OK, I suggested you start the bike and spray some Gumout or other spray into that carb which will tell you if it is the carb. I think you passed that tip by and focused on compression for some reason.
The 78 pumper carbs do not have clips as we all know at this point. The 78 carbs also have actual mixture screws and not air screws, so you actually enrich the gas mixture not restrict the air. Bottom line, you probably don't have to swap around needles.
I do not wish to be unkind. You are going to confuse yourself trying to perform needle swaps from other carbs. At this point you do not have the expertise to perform these things.
If the carbs are off the bike put them on a table and look at them. You will see how they are built. Just look at them for a few minutes.
The main thing you should focus on is getting them to function normally, forget tweaking and modifications, just get them operating properly.
You need to pull the idle jets, get a pliers and just lightly grab the jet, a slight wiggle and a twist and they will pull out. If the brass gets a scratch no proble, you just don't want to make them oval.
A thin piece of copper wire from a lamp cord or speaker wire will loosen the crap and you can flush it out. They are all blocked from the MBTE they had in the gas at one point.
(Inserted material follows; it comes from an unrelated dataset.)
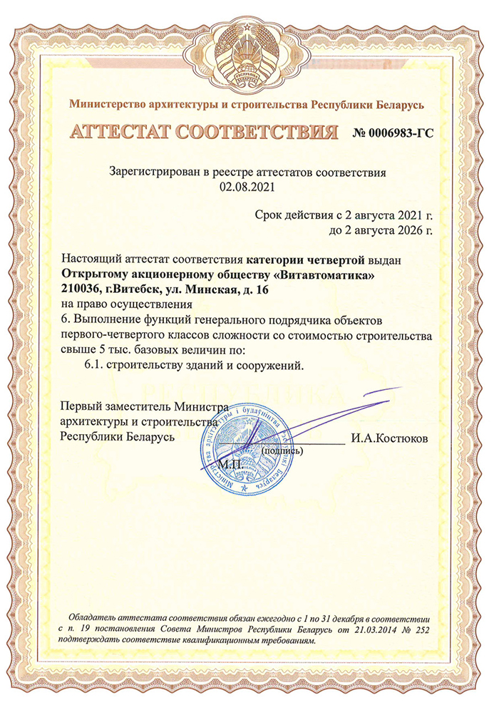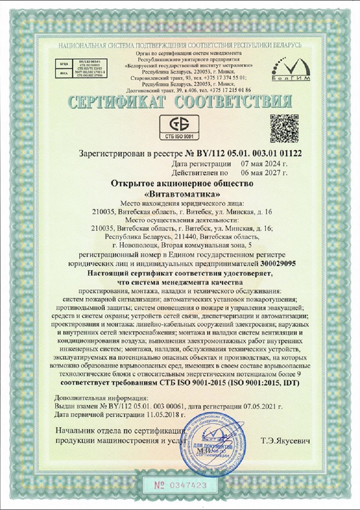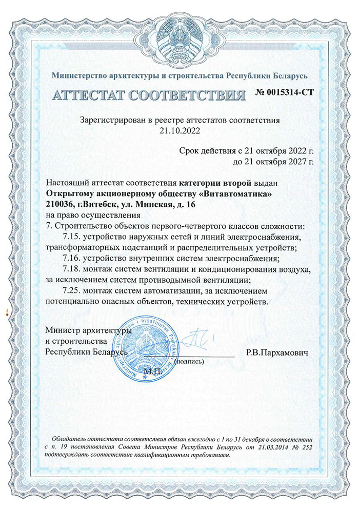 ОАО "Витавтоматика" занимает приоритетное положение на рынке предоставляемых услуг в сфере проектирования, монтажа и технического обслуживания систем безопасности и электроснабжения. Компания придает особое значение эффективному развитию и рациональному использованию ресурсов, необходимых для качественного выполнения работ. Соблюдение требований технических нормативных актов и законодательных норм является неотъемлемой частью нашей деятельности. Каждый работник компании понимает важность интересов заказчика, что позволяет нам устанавливать взаимовыгодные отношения с нашими партнерами и поставщиками.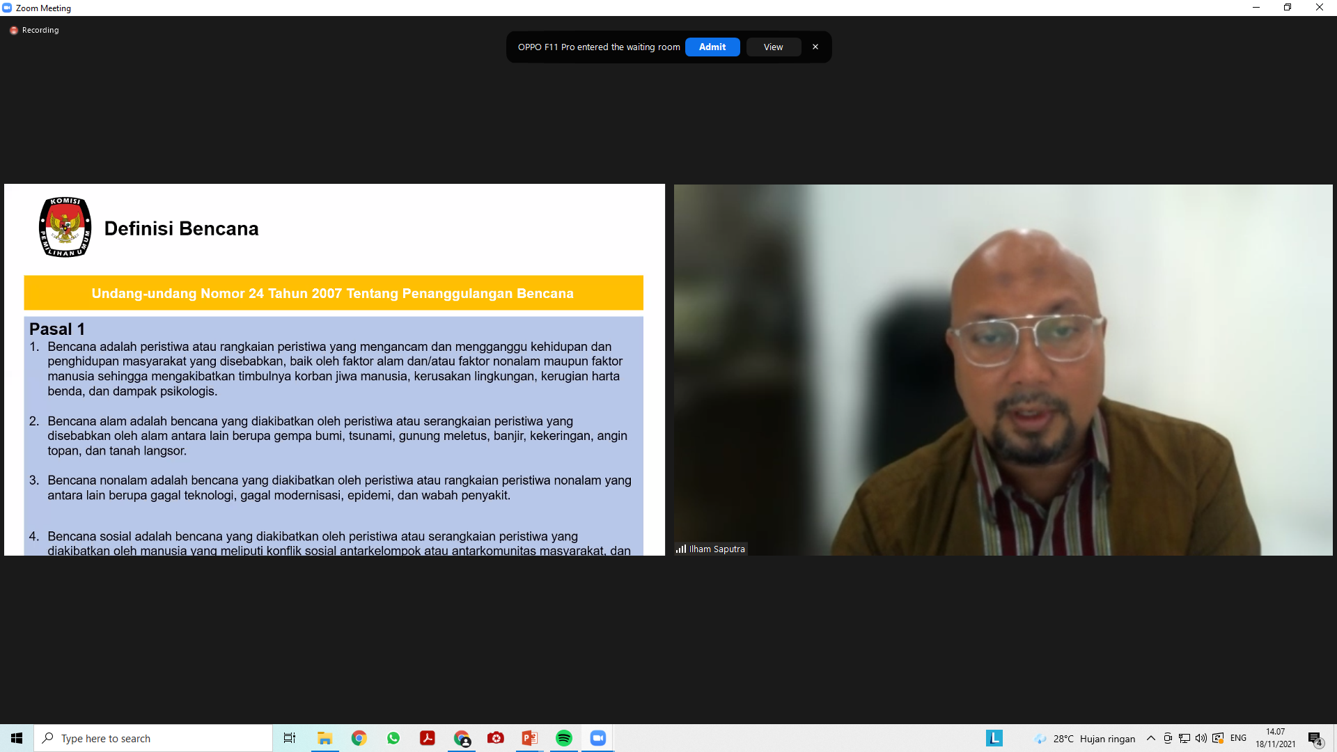 Webinar Dinamika Demokrasi di Daerah Bencana : Ikhtiar Penyelenggara Pemilu Persiapkan Pemilu 2024 yang Tanggap Bencana

Fix your accel pump and get that working. Once you have the carbs at a proper base line function, and get the motor running well. You can then fiddle with tweaks and refinements. Unless you have have the basics sorted out, you can't refine anything.
I am running 120s with a stock air box and have no serious plug fouling, so you may have to go bigger later on, for now stick with what you have and make it work well.
You have a lot of well intentioned people here who know what they are doing, but they will lead you in circles unknowingly. You do not know enough yet to do those things.